Born out of stress, a St. John obsession, and insomnia – expanded from a much shorter version with the same title. The St. John in here is the same one written in Only Human; his character history was influenced by Jenn and is a mix of movie-verse and the comics. Highly cynical.

First attempt at X-Men fanfic. Read & review, please ...


"You're special." That's what he told you when you first came to the school, you were special, you were unique, you were the next step of evolution. You were abnormal, but you somehow weren't.
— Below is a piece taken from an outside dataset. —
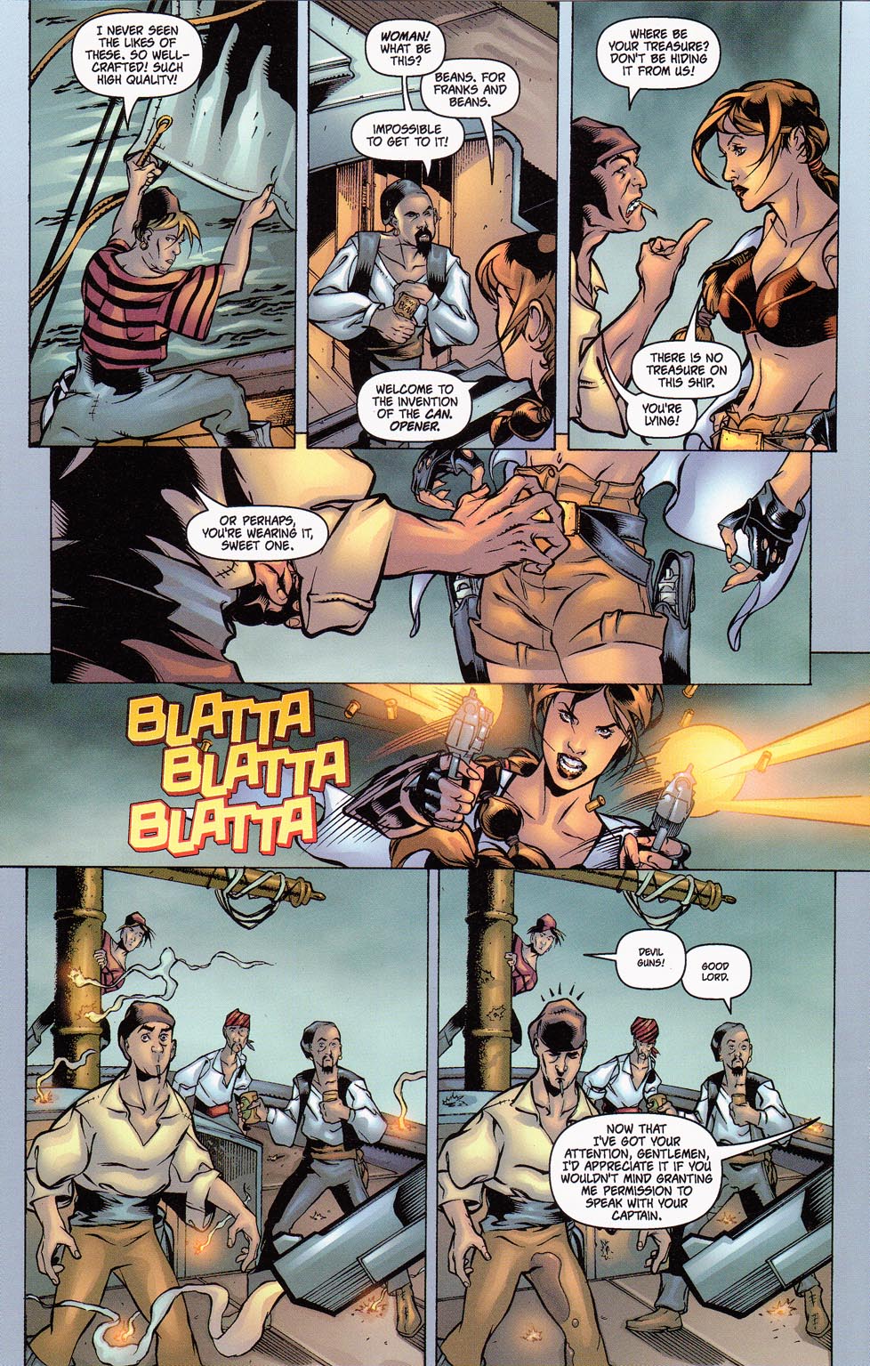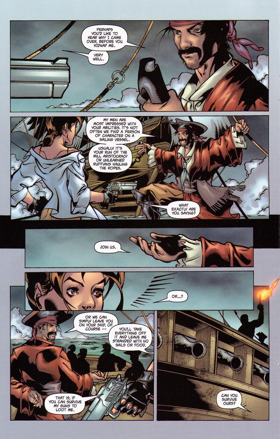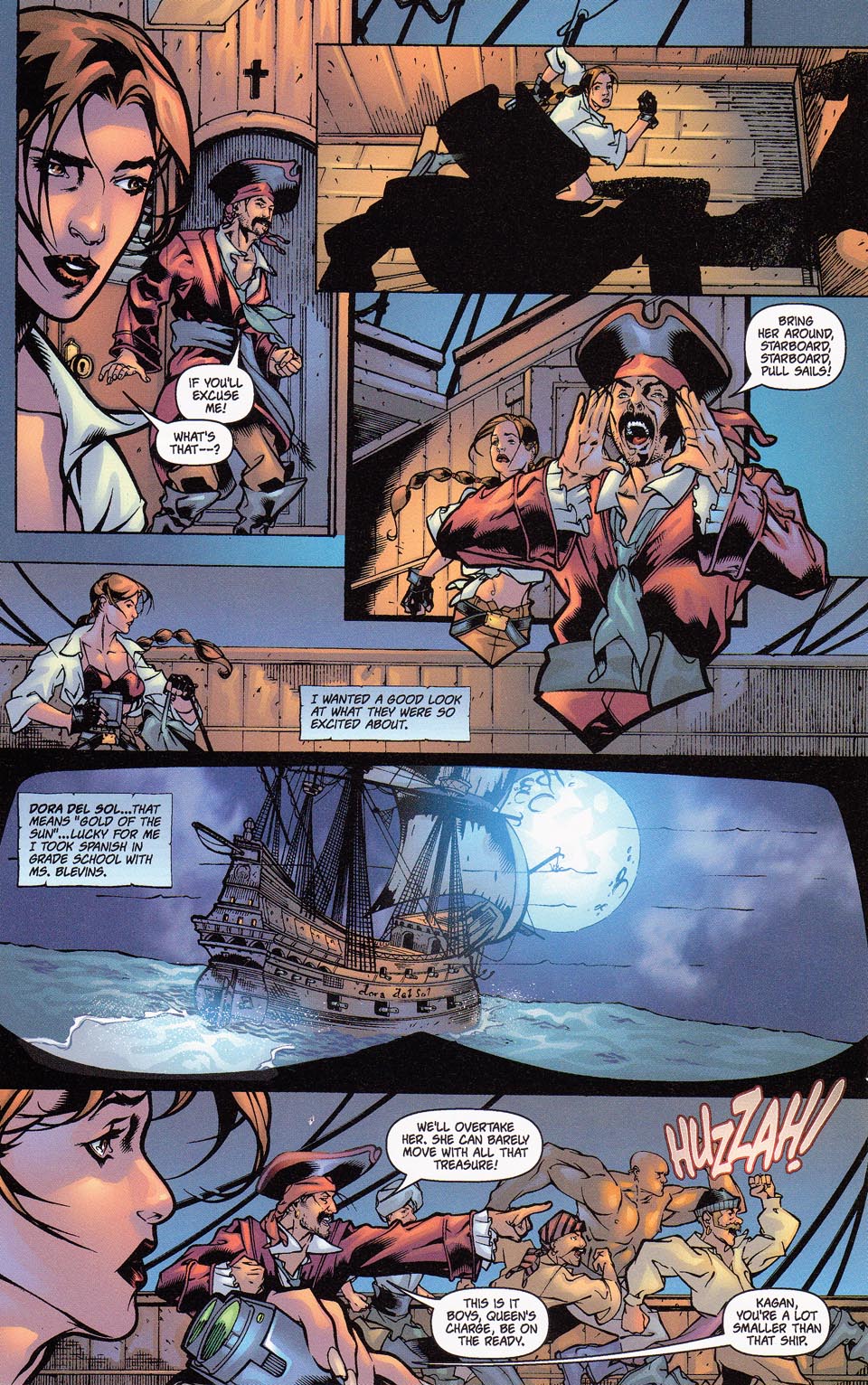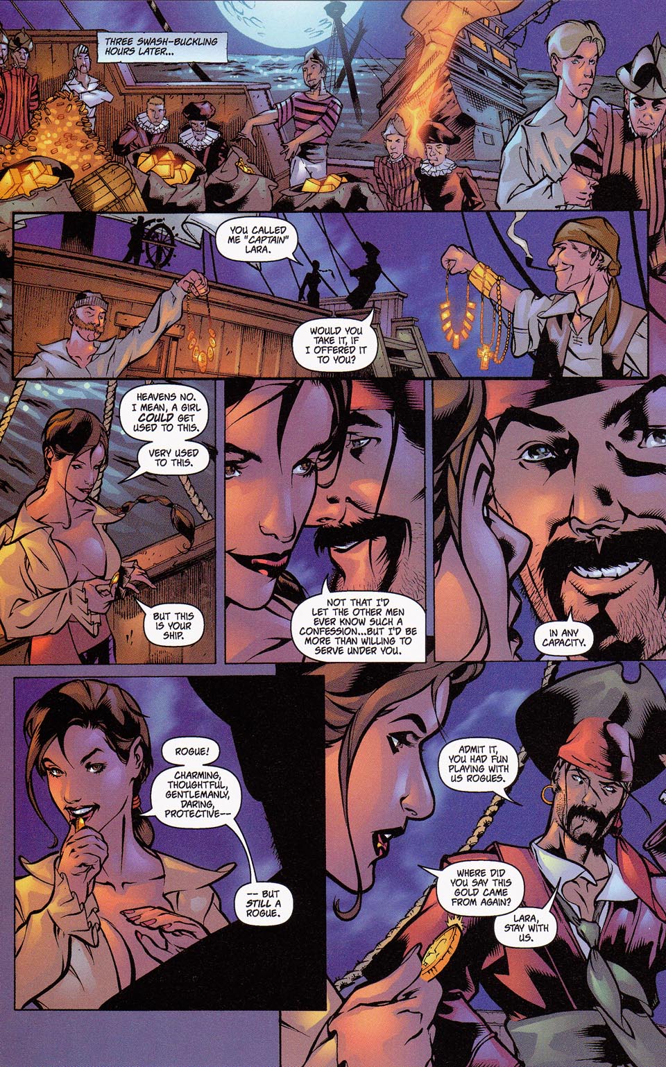 Several years later, during a cruise across the seas, Lara encountered a pirate ship filled with 16th century pirates. Intrigued by her advanced technology, Captain Jonathan Kagan offered her an ultimatum: she could join his crew, or he could turn his ship’s cannons on her. Left with no other choice, Lara agreed, and during her time with the ship, she soon realized it was cursed, seemingly doomed to repeat the same failed raid over and over again. Upon recognizing this, Lara took charge and ensured the raid was successful, causing the heretofore unknown ghost ship to finally pass on from its doomed voyage from El Dorado.

Different. But not-different.

You didn't answer at first. You just held on tight to your lighter and tried to think about anything but the smell of burning flesh. You had to wonder if he'd ever been punched by norms for three hours straight or been dumped into a foreign country while his parents took off on the quickest flight out of the hemisphere, all because his genes had had one twisted sense of humor and chosen to manifest over summer vacation. You even thought about asking him if he'd ever known what it was like to be hungry and starving and eating out of the garbage because there was nowhere else to get any food.

You'd been thirteen six months before and you knew what it felt like to have fire warm against your skin and your back slammed up against a wall while people screamed at you that you were a freak. And you knew, damnit, knew what it felt like to have a hand around your throat suddenly let go as you convulsively flicked your lighter in an attempt to produce flame and then finally get a spark and let fire go straight for that guy's throat. And maybe that guy'd spent a week in the hospital with third-degree burns, but you really could have cared less because his buddies had found you long before the police could. And when they finally found you, they knew enough then to be scared of you just like all the other normals were and get that lighter out of your mutie hand before beating the crap out of you.

But he was old and you were young and he had to know better, right? And he watched you with those blue eyes and that heartbreaking amount of trust and he smiled and gave you his platitudes about how life would be better now and mutants and humans could live together in tandem with each other. You didn't have to be alone anymore, he said, and you speculated about those other mutants he thought were the same. The boy he'd assigned as your roommate with his cryokinesis and the kids who'd looked at you when he had brought you in the door of his school. They were clean and young and they smiled at you with their straight white teeth and they didn't know anything about blood and pain and being scared to death and running for so long ... they didn't know anything. Not a thing in the world.

So he told you you were special. And you looked at him with his bald head and pale skin and his confident smile and wheelchair. You wondered about him and how he could know so much and so little all at the same time and your fingers snapped the cap of your lighter on and off and on and off and on again in neat arcs of wariness and remembered pain. But he had that light of utter belief in his eyes, so you didn't do anything but nod and smile.

"Sure. Special."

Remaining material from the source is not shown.